The starting point was understanding the circumstances leading to an infant fall. Data revealed that 50% to 100% of the newborn falls occurred during nighttime feedings.1,2,5,7,11,15,20,24,29 The prevailing wisdom was that sleeping with an infant was unsafe.41,42 A sleeping parent feeding or holding an infant was interpreted as nonadherence with the American Academy of Pediatrics (AAP) safe sleep guidance.* In the absence of science to guide them, pioneering clinicians defined the problem as the mother falling asleep with her newborn, designing targeted interventions for prevention. Using a quality improvement (QI) framework,12,13,16–18,20,25,28,29 clinicians implemented multiple commonsense solutions concurrently,† which, for the purposes of this article, are referred to as newborn safety bundles (NSBs). They included parental and staff education about safe sleep practices,‡ frequent rounding,‖ promotion of maternal rest,¶ parental signature on an infant safety pledge,# instruction to mothers to ask for assistance if feeling sleepy,** reminder signage about safe sleep practices,†† identification of high risk mothers,‡‡ and assignment or request for an alert individual to be present during nighttime feedings.1,3,5,6,10,18,25,37 The strategies in the NSBs (Table 1) were focused on staff detection of a sleepy mother to remove the infant before she fell asleep and educate the mother about safe sleep practices. The premise was that a well-informed mother would stay awake or call for help if she felt sleepy.

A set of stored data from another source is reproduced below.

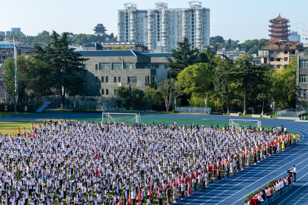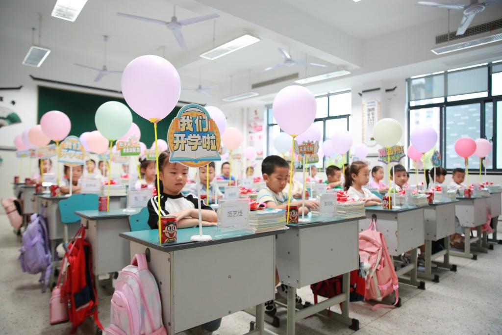 湖北省武昌實(shí)驗(yàn)中學(xué)師生在參加開(kāi)學(xué)典禮。(杜子璇 攝) 校園安全、科技創(chuàng)新、傳統(tǒng)文化等主題,讓新生入學(xué)教育內(nèi)容更豐富。 四川省涼山州,一場(chǎng)主題為“防汛防地災(zāi)暨校園安全”的開(kāi)學(xué)第一課日前在西昌市大箐小學(xué)各班舉行。課堂上,一年級(jí)新生通過(guò)生動(dòng)的方式學(xué)習(xí)避險(xiǎn)自救知識(shí)。學(xué)校教師沙馬比爾說(shuō),學(xué)校地處山區(qū),自然災(zāi)害發(fā)生頻率較高,希望通過(guò)這樣的活動(dòng)提高他們的安全和自我保護(hù)意識(shí)。 在成都七中初中附屬小學(xué),一年級(jí)新生在高年級(jí)學(xué)生志愿者帶領(lǐng)下,游覽學(xué)校人工智能館、航天館等,打卡完成各場(chǎng)館闖關(guān)任務(wù)。學(xué)校學(xué)生家長(zhǎng)發(fā)展中心副主任楊欣竹說(shuō),其中的科創(chuàng)體驗(yàn)有助于開(kāi)啟孩子們?cè)趯W(xué)校創(chuàng)新創(chuàng)造的大門(mén)。此外,學(xué)校還設(shè)計(jì)了“詩(shī)詞天宮”體驗(yàn)活動(dòng),新生在老生帶領(lǐng)下朗讀古代詩(shī)詞名篇,親近、體驗(yàn)中華優(yōu)秀傳統(tǒng)文化。
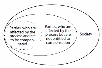 In practice this means defining in legislation the descriptions of non-compensatable losses for each base of compensation and consideration regarding the level of harm or nuisance, which should be tolerated without compensation. For example, a project may cause an increase in the level of noise, which however can still be considered normal for the particular environment (e.g. city) and does not cause a significant harmful effect on the value of the property of the affected party. If compensation thresholds are applied, the overall status of the affected party should however be considered (e. g. in cases where several thresholds apply) in order to prevent an unreasonable outcome for the affected party.
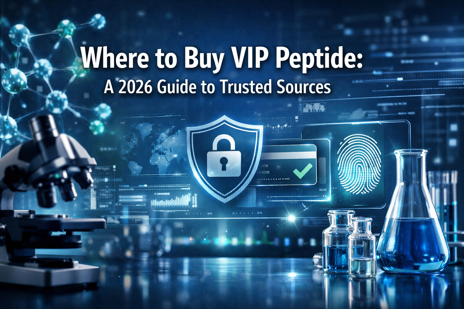 Professional landscape hero image (1536x1024) with bold text overlay: 'Where to Buy VIP Peptide: A 2026 Guide to Trusted Sources', modern sa
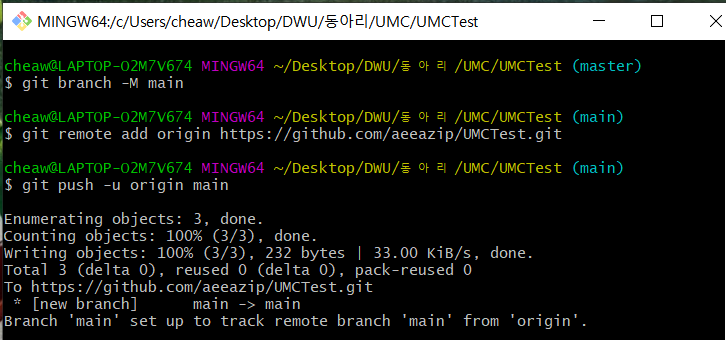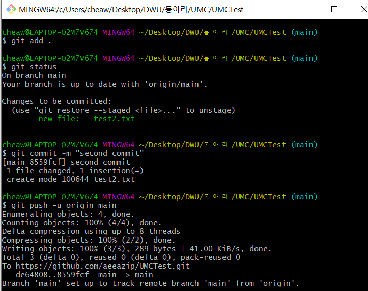 → origin에 main 브랜치로 변경사항 푸시 (UMC/UMCTest/test2.txt 업로드)

Although the goal was to ensure a sleeping mother was not holding her infant, the measure of success was the absence of an infant fall.12,13,16–18,20,25,28,29
NSBs With Reported Outcomes
Intervention . | Lipkke et al18 . | Ainsworth et al13 . | Miner25 . | Galuska20 . | Hodges and Gilbert17 . | Lahey et al12 . | Hantske16 . |
---|---|---|---|---|---|---|---|
Parental education | X | X | X | X | X | X | X |
Staff education | X | X | X | X | X | X | X |
Reminder signage | X | X | X | X | X | — | X |
Removing infants from sleepy moms | X | X | X | X | X | — | — |
Promoting maternal rest | X | X | — | X | X | X | — |
Parental safety pledge form | X | X | X | X | — | — | — |
Alert person with mom at night | X | X | X | — | X | — | — |
Frequent rounding and observation | X | X | X | X | — | — | — |
Having moms call if sleepy | X | X | X | — | — | — | — |
Debriefs | X | X | X | — | — | X | — |
Maternal risk assessment | X | X | — | — | — | — | — |
Intervention . | Lipkke et al18 . | Ainsworth et al13 . | Miner25 . | Galuska20 . | Hodges and Gilbert17 . | Lahey et al12 . | Hantske16 . |
---|---|---|---|---|---|---|---|
Parental education | X | X | X | X | X | X | X |
Staff education | X | X | X | X | X | X | X |
Reminder signage | X | X | X | X | X | — | X |
Removing infants from sleepy moms | X | X | X | X | X | — | — |
Promoting maternal rest | X | X | — | X | X | X | — |
Parental safety pledge form | X | X | X | X | — | — | — |
Alert person with mom at night | X | X | X | — | X | — | — |
Frequent rounding and observation | X | X | X | X | — | — | — |
Having moms call if sleepy | X | X | X | — | — | — | — |
Debriefs | X | X | X | — | — | X | — |
Maternal risk assessment | X | X | — | — | — | — | — |
—, not applicable.
In several studies, clinicians identified cases of sleeping mothers feeding or holding their infants when staff intervened before the infant fell.7,13,16,18,21 The nuance that they had detected the mother after she fell asleep, instead of before she fell asleep (as intended), was not seen as an indicator of bundle failure. In the QI studies, the researchers interpreted the lack of an infant fall as proof of success. The clinicians appreciated that a sleeping mother holding her infant was an unsafe situation, but the failure to achieve the intended goal went unnoticed. When an infant fall recurred, the staff expressed disbelief because many times they had just seen the mother awake. Because staff followed the bundle, there was nothing different they could do.12,16,18,25 The new mother had been informed not to sleep with her newborn, if only she had listened. Reinforcement about safe sleep practices was the most frequently recommended preventive strategy,6,11–14,17,21 and, so, for >1 decade, in the literature, it was declared that if the bundle was managed, this adverse event was preventable.‖‖ However, the data from the QI studies (Table 2) tell a different story. The evidence reveals prolonged intervals with no infant falls associated with a sleeping mother, only to have it recur.12,13,16–18,20,25,28,29 The problem was not eradicated; it persisted at a stubbornly low level. In none of the studies was it explained how or why the NSB failed.12,13,16–18,20,25,28,29 Why have the initiatives failed to achieve sustainable results? The science of sleep provides an answer.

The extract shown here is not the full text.